Howard and Segal (2004) also examine the claim that role perceptions affect justices' votes by looking at "activism." Here, they find that the ideological position of the party requesting the Court declare a law unconstitutional is the largest predictor of the justices' decision to either accept or reject the request; e.g., the propensity to engage in "activism" is not conditioned by the justices' role perceptions but rather by their ideological predilections.
A couple of other sets of authors have had more success in identifying legal influences on decision making. Hausegger and Baum (1999), for example, find that justices sometimes invite Congress to overturn the Court's decisions, suggesting, then, for these justices in these cases, the law is constraining them to behave in a way that does not maximize their preferences. Of course, this is a very rare behavior (found in only 7% of all statuory decisions). Additionally, Richards and Kritzer (2002) find that "jurisprudential regimes" effectively structure the justices' decisions once they are created. Some have argued, though, that these regimes are attitudinally created themselves (Segal and Spaeth 2003).

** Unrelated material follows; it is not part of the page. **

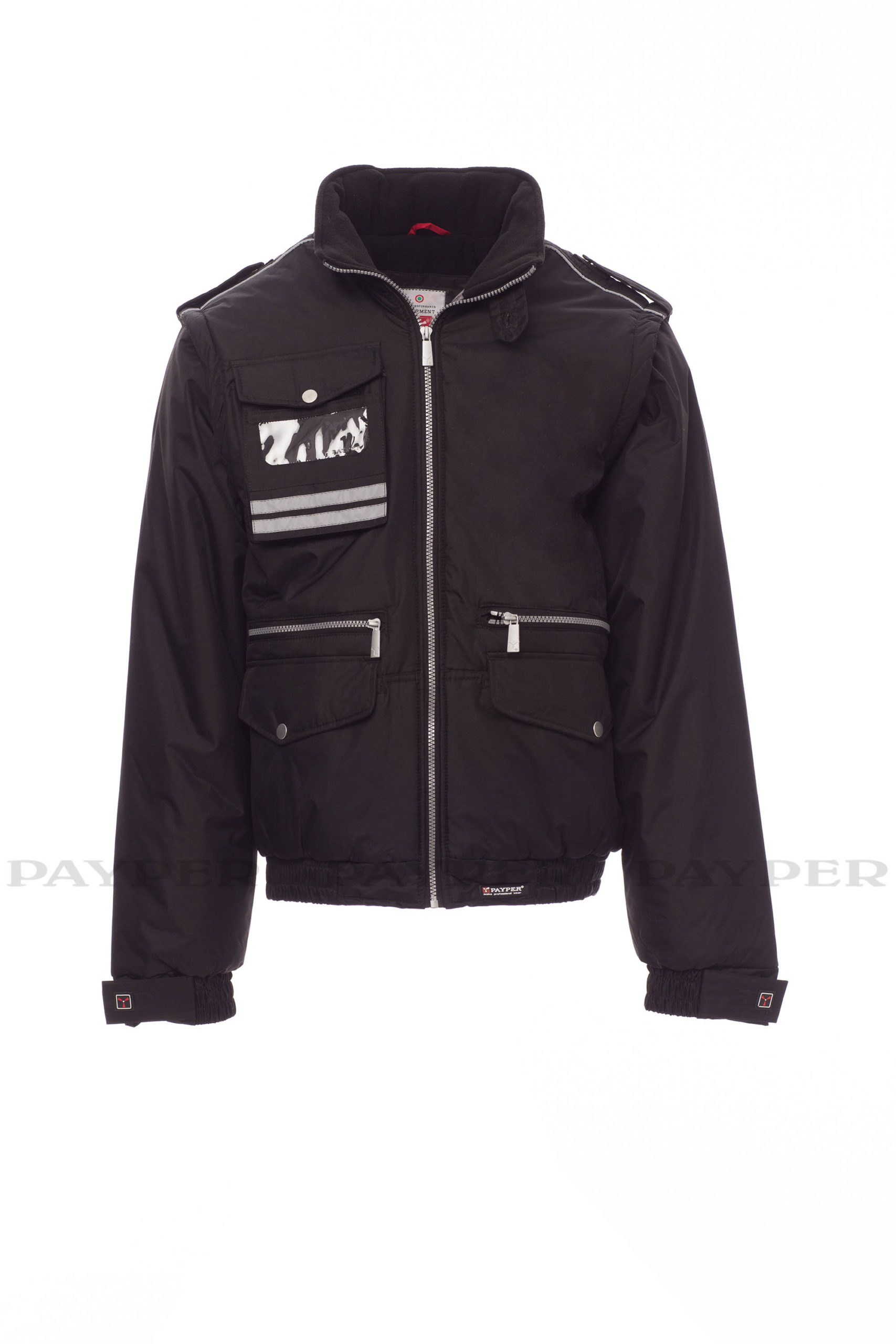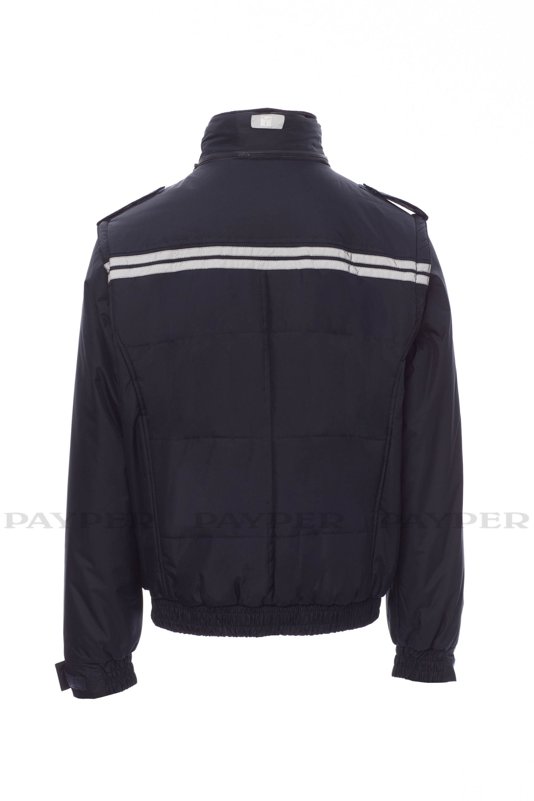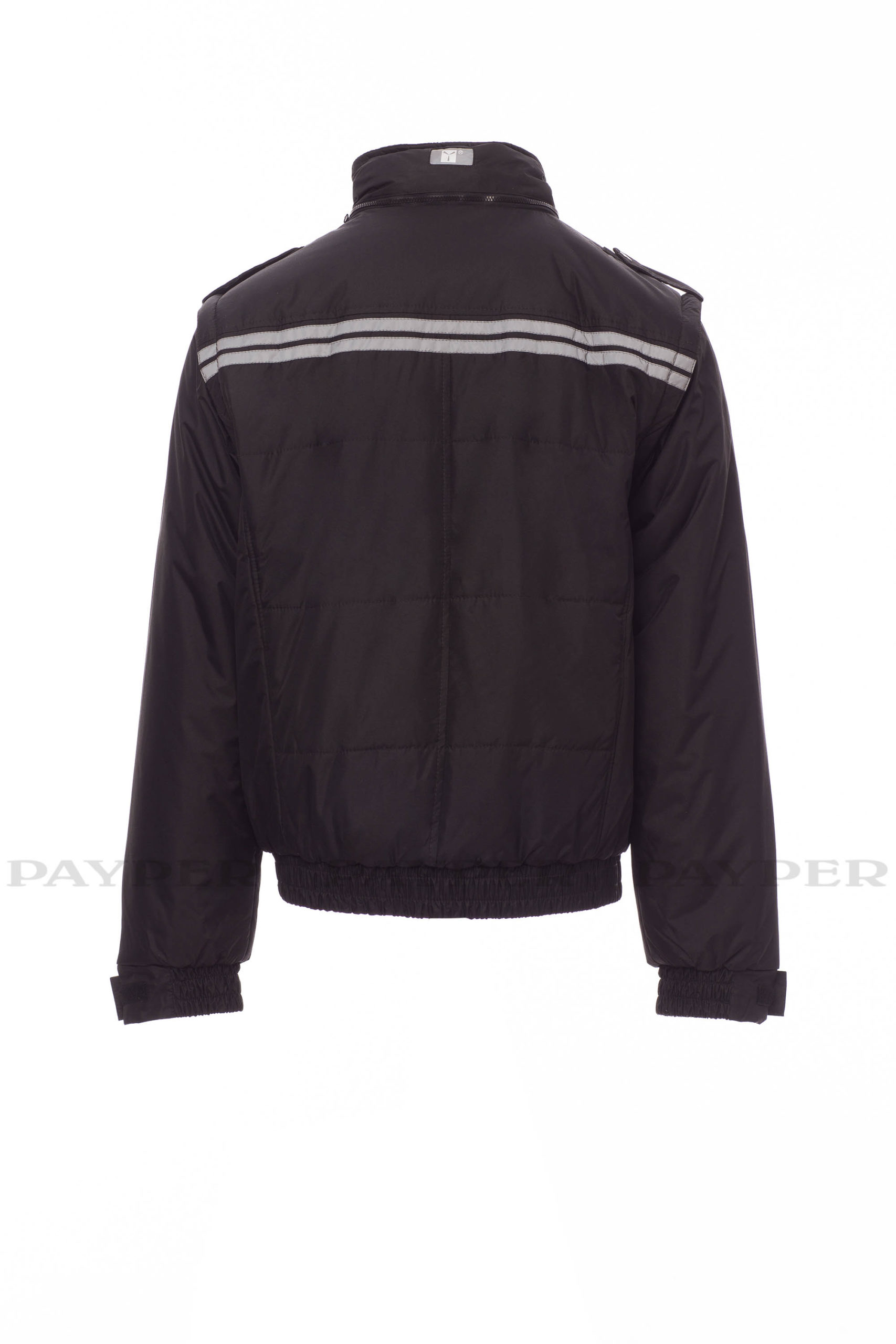 Saloppe Herren-Jacke mit abtrennbaren Ärmeln, schlank geschnitten, Reißverschluss aus Kunststoff mit Metallschieber, im Kragen einrollbarer Kapuze, elastischer Taille, regulierbaren Ärmelbündchen, Schulterklappen und Kragenverschluss, zwei Taschen mit LOCK SYSTEM, zwei Taschen mit Reißverschluss, einem nach innen wendbaren Ausweisfach, Reflex-Paspelierung an den Schultern und doppelten Reflexstreifen auf der Brusttasche und auf dem Rücken. Innenseite: wattiert, silberfarbenes High-Density-Futter, Rückenpartie aus Mikrofleece, Fleecekragen, eine Tasche.

Currently, I am working on two pieces of research in which I attempt to ascertain the extent to which "law matters." In one paper, we model the decision of a justice who disagrees with the majority opinion to either dissent or to concur in order to determine whether that decision is driven by attitudinal divergence or a difference of legal opinion over what the case is about. We find that both matter, but that justices rarely disagree over the legal provision, issue and/or authority for decision in a given case (Benesh and Spaeth 2006). In another paper with Jason Czarnezki, we explore the role of interpretive strategies on the vote, arguing that, if legal interpretive strategies matter, they should NOT predict a liberal or conservative vote on the Court of Appeals. We find, (preliminarily!!), that originalism statistically significantly decreases the likelihood of a liberal vote. This suggests, as many before have probably suspected, that adherence to a particular interpretive strategy may indeed be influenced by desired ideological outcome rather than a "real" view of the law (we will present this paper at the Midwest Political Science Association meeting in April).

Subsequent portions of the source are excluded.